Materials provided:

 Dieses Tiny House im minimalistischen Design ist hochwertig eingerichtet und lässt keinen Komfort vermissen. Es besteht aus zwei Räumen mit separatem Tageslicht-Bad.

--

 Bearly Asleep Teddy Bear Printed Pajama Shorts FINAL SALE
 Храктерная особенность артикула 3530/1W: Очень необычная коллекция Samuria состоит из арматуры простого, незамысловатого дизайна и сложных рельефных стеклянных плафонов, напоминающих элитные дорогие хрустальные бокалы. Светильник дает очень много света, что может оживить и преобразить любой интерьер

--

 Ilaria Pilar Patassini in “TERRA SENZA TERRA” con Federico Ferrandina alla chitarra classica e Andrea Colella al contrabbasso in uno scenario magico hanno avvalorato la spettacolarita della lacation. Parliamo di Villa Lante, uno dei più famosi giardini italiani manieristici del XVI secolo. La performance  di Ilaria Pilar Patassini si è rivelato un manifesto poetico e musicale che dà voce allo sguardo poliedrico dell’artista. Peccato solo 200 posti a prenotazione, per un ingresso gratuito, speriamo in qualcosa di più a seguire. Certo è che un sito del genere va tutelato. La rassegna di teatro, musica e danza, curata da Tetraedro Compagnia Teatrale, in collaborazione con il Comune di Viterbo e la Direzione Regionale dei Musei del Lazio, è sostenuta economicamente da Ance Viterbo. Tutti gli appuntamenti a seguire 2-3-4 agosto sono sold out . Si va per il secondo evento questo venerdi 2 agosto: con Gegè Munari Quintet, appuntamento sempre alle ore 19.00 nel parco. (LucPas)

The problem:
Could you restate, word for word, the lines above from the one with "Bearly Asleep Teddy" to the one with "Храктерная особенность артикула", both included?

Exercise solution:
 Bearly Asleep Teddy Bear Printed Pajama Shorts FINAL SALE
 Храктерная особенность артикула 3530/1W: Очень необычная коллекция Samuria состоит из арматуры простого, незамысловатого дизайна и сложных рельефных стеклянных плафонов, напоминающих элитные дорогие хрустальные бокалы. Светильник дает очень много света, что может оживить и преобразить любой интерьер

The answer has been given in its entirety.